Bradford Redder Jamieson IV (born October 18, 1996) is an American professional soccer player who currently plays as a forward or left winger.

Youth

Bradford Jamieson was born in Los Angeles, California. He began his soccer career at AYSO, progressed to club soccer with Santa Monica United FC, LAFC/Cosmos which was absorbed by Chivas USA Academy and ended his youth career at the LA Galaxy Academy. Jamieson never played for his alma mater, Santa Monica High School, due to USSF Academy rules. He committed to play D1 soccer at UC, Berkeley in the Fall of his senior year, but later opted to sign a professional contract with the L.A. Galaxy, in the winter of his senior year, at age 17. Jamieson was the recipient of the NSCAA "All-America" team award in 2012 and 2013.

Professional career

Early career
In the fall of 2012, Bradford Jamieson was invited to attend the U.S. Soccer U-17 residency program in Bradenton, Florida, where he would go on & complete four semesters.

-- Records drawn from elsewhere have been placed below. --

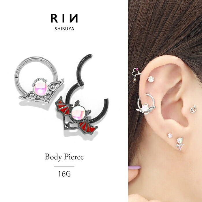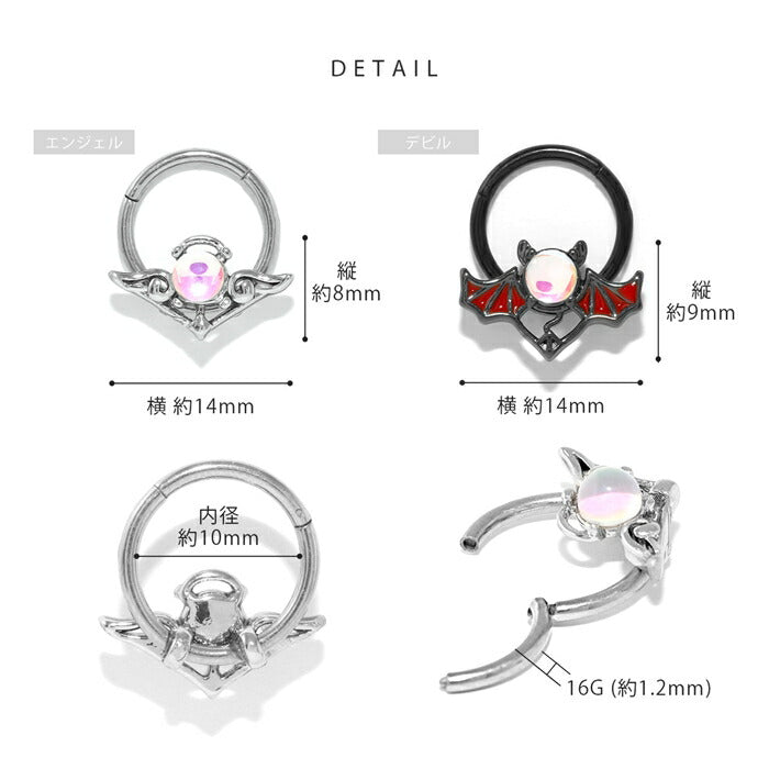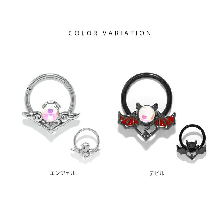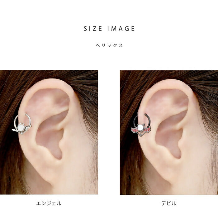 16G 軟骨ピアス ワンタッチリング 天使 悪魔 エンジェル デビル シルバー ブラック ジュエル セグメントクリッカー ステンレスピアス0118 ch-140
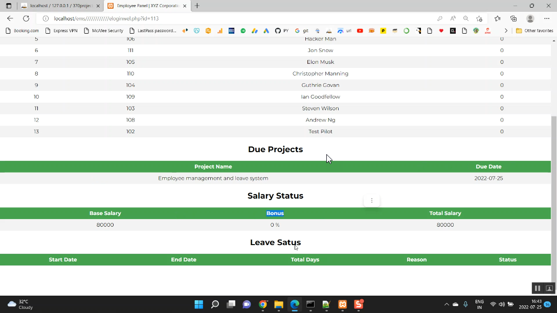 The proposed Employee Management System in PHP centralizes employee information in a secure web application. Administrators/HR staff can add, update, or remove employee records, assign roles, track attendance, manage leave requests, calculate payroll, and store performance evaluations. Employees can log in to view their personal details, attendance history, leave balance, and payslips. Using PHP for server-side logic and MySQL for database storage, the system ensures data security, easy scalability, and real-time access. Additionally, it can generate comprehensive reports such as monthly attendance, payroll summaries, and employee performance metrics, helping HR make informed decisions.
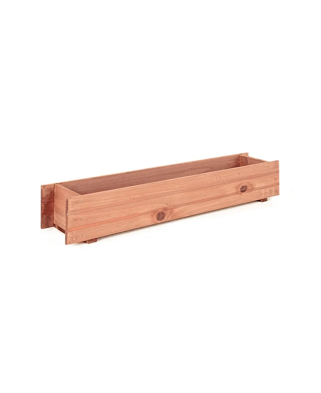 Sugift Wooden Wagon Plant Bed with Metal Wheels for Garden Yard Patio
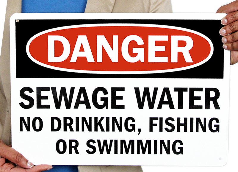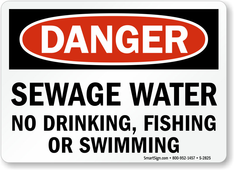 Use a "sewage water no drinking, fishing or swimming" sign.
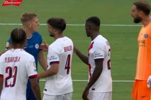 体育资讯07月14日讯 切尔西vs巴黎比赛68分钟,德拉普争位置推倒门德斯,多纳鲁马对他很生气。

While a member of the residency program, Jamieson was also a member of the USSF Chivas Academy in Los Angeles. At Chivas, he was given the opportunity to train with the first team, with a nod from Chivas coaches, Robin Fraser and Greg Vanney. He returned to Los Angeles after two years of soccer and study in Bradenton, and joined the L.A. Galaxy academy for his senior year of high school. While an academy player, he was again given the opportunity to train and play with the first team. This led to appearances for the reserve team and ultimately, an MLS player contract offer from Head coach, Bruce Arena. In his senior year, Jamieson began his professional career balancing his academic studies, proms & a professional sports team locker room.

LA Galaxy
On February 20, 2014, it was announced that Jamieson had signed a homegrown player contract  with the LA Galaxy. He then made his professional debut for the LA Galaxy II, the reserve side of the LA Galaxy, in the USL Pro on March 22, 2014, against Orange County Blues. On July 19, 2014, Jamieson made his MLS debut for the L.A. Galaxy first team Sporting Kansas City, coming off the bench replacing A. J. DeLaGarza in the 75th minute. Less than five minutes after coming on, Jamieson provided an assist to Robbie Keane, although the Galaxy could not complete their comeback as they lost 2–1. Jamieson continued to play well for the USL side of the L.A. Galaxy developmental model, while graduating from high school & starting college classes. He would go on to be a  2014 finalist for USL pro "Rookie of the Year", in the Galaxy's inaugural year in the league. Jamieson continued to be an option on the bench for the first team, as they would go on to win the MLS cup that year.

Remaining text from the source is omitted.